_YOUR OBJECTIVE_
Search the entries below for "Robert", and copy each line where it appears.

_DATA EXTRACTS_
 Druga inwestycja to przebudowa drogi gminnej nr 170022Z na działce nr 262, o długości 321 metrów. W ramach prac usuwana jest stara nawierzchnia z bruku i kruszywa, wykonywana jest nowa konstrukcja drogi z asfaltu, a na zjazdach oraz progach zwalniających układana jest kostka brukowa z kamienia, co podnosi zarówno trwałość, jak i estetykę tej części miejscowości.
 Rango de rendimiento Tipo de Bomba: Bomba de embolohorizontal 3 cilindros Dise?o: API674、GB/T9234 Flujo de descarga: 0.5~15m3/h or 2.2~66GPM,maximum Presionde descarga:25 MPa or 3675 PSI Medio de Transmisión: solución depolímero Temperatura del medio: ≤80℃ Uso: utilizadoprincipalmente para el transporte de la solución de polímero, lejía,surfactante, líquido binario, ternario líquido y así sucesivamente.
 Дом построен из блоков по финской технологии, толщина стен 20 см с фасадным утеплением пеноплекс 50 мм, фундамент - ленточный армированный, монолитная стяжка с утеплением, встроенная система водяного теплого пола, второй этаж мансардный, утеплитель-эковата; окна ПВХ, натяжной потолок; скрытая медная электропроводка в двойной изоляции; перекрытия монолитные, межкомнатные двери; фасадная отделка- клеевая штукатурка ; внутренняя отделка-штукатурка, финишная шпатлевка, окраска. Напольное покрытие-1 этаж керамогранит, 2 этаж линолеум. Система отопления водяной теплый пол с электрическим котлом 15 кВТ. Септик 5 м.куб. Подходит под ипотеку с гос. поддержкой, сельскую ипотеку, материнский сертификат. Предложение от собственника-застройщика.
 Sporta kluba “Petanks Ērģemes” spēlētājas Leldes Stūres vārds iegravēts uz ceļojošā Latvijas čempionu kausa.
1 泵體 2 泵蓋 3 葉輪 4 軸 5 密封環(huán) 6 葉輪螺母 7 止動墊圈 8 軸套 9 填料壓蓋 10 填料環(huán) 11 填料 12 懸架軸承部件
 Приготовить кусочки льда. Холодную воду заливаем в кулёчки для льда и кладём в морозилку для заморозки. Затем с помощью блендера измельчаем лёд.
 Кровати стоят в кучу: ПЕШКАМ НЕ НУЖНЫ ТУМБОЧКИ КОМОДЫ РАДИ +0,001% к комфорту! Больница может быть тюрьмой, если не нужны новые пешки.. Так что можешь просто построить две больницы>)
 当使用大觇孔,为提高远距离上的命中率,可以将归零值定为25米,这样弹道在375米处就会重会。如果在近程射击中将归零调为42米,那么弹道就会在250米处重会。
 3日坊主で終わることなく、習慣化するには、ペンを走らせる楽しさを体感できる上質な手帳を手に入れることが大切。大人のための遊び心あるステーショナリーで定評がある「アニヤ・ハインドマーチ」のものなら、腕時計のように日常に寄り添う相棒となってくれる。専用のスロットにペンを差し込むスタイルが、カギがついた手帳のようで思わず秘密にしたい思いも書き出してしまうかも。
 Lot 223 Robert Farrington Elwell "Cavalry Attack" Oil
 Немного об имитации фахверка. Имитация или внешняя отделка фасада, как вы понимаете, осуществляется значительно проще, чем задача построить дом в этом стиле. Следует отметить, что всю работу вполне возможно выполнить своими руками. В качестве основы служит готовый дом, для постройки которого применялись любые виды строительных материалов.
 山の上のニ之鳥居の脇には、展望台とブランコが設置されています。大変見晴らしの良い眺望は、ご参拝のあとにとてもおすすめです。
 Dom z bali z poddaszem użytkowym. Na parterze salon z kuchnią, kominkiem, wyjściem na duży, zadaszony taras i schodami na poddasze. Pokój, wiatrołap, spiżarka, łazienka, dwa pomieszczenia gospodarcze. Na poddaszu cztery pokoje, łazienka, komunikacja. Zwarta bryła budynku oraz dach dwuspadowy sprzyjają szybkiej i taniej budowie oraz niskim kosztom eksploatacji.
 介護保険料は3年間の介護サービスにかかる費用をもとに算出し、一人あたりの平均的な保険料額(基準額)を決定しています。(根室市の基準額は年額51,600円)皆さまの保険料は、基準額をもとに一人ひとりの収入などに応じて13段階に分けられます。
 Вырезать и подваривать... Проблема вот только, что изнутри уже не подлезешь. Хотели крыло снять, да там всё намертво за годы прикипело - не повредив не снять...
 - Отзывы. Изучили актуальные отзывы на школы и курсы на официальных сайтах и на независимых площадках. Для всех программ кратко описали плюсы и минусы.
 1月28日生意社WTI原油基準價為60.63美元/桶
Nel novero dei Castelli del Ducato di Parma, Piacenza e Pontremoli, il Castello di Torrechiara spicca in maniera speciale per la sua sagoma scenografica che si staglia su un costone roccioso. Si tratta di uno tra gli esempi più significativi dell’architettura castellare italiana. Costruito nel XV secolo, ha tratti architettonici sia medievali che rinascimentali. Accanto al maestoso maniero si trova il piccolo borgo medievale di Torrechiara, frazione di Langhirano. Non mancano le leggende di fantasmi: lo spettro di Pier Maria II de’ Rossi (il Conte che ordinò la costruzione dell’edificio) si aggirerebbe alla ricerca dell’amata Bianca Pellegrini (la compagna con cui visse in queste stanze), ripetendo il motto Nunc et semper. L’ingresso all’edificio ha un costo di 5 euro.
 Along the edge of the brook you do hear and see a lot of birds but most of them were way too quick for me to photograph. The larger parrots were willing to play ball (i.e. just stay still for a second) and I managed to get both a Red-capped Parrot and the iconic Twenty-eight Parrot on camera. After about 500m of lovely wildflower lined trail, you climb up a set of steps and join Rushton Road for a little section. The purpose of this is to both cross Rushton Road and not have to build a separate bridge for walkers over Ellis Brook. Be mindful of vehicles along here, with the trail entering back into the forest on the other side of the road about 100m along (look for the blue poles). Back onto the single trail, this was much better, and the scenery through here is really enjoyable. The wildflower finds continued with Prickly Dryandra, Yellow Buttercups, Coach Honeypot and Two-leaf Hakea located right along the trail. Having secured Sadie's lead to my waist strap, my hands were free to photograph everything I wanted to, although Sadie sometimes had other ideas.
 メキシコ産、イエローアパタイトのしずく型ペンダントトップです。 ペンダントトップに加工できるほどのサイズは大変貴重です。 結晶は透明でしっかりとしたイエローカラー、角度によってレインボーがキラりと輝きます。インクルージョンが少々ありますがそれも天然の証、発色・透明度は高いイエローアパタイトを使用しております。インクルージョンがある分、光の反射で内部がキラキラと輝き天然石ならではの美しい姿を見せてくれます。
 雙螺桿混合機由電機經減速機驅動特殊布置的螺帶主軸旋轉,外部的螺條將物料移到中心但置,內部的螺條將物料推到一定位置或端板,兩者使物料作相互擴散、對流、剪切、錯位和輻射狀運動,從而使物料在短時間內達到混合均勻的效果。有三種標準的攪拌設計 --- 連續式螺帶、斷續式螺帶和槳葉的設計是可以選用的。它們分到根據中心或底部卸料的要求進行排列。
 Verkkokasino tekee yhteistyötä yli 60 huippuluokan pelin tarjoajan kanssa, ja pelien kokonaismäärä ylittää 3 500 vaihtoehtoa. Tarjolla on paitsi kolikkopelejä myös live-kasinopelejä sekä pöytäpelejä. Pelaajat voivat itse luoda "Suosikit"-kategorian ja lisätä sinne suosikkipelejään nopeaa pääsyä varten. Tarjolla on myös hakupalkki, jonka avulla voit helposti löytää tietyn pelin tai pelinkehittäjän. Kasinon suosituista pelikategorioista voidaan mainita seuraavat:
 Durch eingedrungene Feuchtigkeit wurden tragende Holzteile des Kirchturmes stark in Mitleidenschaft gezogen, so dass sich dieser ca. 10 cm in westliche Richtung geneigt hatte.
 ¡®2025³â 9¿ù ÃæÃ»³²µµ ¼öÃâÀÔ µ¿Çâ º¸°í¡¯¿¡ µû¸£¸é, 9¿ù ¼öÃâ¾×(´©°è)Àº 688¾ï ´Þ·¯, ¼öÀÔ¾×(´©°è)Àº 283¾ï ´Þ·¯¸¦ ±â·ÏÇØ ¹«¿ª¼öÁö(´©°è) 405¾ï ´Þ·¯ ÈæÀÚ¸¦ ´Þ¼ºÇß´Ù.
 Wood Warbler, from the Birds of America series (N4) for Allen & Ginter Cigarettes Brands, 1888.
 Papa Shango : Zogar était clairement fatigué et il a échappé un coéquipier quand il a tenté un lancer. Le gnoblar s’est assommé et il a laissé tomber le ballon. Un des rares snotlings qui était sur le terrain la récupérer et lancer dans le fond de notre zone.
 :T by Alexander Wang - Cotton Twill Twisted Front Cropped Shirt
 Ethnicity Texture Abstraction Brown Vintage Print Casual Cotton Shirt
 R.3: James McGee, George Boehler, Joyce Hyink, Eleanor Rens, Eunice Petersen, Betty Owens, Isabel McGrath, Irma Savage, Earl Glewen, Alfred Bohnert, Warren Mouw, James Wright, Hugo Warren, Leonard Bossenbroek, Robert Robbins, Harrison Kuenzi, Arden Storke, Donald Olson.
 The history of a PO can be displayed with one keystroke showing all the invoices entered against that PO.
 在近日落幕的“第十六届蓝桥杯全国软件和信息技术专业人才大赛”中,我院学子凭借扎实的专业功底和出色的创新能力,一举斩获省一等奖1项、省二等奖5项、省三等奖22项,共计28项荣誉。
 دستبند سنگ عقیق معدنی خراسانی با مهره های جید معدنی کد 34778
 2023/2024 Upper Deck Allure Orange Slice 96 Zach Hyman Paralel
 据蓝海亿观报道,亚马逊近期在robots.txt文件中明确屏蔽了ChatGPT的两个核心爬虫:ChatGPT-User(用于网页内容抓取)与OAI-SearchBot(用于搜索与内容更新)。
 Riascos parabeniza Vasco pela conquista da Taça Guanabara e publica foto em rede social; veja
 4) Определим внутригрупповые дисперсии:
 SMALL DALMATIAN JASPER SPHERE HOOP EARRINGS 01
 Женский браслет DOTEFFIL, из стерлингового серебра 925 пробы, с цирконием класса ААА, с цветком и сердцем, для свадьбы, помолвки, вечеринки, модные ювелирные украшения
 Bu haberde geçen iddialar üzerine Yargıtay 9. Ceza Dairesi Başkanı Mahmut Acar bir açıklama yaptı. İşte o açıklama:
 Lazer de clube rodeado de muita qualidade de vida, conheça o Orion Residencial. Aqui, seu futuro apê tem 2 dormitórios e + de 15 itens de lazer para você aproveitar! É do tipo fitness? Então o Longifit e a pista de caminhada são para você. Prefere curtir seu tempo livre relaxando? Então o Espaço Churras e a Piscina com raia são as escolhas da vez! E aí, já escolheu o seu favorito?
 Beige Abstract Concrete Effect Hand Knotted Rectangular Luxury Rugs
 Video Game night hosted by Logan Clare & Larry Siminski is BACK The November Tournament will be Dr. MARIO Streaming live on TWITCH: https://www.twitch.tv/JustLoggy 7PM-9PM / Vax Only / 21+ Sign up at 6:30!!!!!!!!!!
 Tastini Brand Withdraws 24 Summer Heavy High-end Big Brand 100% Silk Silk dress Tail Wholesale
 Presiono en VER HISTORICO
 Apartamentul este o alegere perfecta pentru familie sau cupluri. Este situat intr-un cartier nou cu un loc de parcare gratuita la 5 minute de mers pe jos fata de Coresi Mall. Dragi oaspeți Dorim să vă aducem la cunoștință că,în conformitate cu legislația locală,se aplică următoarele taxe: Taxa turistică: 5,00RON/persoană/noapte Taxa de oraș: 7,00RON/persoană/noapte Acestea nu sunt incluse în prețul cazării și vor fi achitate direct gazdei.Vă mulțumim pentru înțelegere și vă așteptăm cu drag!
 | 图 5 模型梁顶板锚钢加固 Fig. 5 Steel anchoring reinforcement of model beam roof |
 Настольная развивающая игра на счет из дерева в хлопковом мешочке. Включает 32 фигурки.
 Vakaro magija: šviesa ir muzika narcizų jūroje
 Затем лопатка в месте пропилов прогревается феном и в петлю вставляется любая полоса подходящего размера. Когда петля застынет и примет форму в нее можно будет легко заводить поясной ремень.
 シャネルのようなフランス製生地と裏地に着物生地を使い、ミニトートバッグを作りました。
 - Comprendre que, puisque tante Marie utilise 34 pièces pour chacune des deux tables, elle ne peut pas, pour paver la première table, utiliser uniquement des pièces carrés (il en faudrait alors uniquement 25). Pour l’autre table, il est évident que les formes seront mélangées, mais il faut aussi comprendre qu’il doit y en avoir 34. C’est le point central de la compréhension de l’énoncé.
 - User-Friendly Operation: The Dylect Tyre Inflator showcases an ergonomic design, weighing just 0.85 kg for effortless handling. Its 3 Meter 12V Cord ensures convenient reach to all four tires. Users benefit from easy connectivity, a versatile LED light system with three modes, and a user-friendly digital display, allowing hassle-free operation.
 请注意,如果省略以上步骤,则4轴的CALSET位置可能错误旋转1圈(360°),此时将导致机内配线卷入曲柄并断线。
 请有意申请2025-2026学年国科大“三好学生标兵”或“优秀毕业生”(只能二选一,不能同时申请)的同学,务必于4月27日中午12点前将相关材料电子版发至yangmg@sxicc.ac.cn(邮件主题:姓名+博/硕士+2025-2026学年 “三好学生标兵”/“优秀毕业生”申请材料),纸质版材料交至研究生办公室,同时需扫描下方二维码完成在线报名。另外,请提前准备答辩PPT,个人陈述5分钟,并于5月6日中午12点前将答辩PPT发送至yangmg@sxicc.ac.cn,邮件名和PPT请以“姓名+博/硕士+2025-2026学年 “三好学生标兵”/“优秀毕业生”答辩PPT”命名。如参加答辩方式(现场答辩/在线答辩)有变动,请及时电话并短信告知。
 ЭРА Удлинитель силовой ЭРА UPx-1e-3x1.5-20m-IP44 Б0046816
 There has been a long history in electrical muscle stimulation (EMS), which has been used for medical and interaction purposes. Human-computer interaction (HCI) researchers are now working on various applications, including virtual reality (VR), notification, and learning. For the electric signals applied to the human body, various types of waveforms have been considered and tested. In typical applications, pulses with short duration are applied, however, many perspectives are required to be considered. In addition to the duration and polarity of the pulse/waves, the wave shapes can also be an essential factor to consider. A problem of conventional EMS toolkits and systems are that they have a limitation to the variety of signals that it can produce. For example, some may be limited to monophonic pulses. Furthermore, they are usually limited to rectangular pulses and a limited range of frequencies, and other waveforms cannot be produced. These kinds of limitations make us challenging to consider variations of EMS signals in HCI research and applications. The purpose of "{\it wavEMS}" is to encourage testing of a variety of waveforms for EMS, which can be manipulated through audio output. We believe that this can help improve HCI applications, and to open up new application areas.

_RESULT_
 Lot 223 Robert Farrington Elwell "Cavalry Attack" Oil
 R.3: James McGee, George Boehler, Joyce Hyink, Eleanor Rens, Eunice Petersen, Betty Owens, Isabel McGrath, Irma Savage, Earl Glewen, Alfred Bohnert, Warren Mouw, James Wright, Hugo Warren, Leonard Bossenbroek, Robert Robbins, Harrison Kuenzi, Arden Storke, Donald Olson.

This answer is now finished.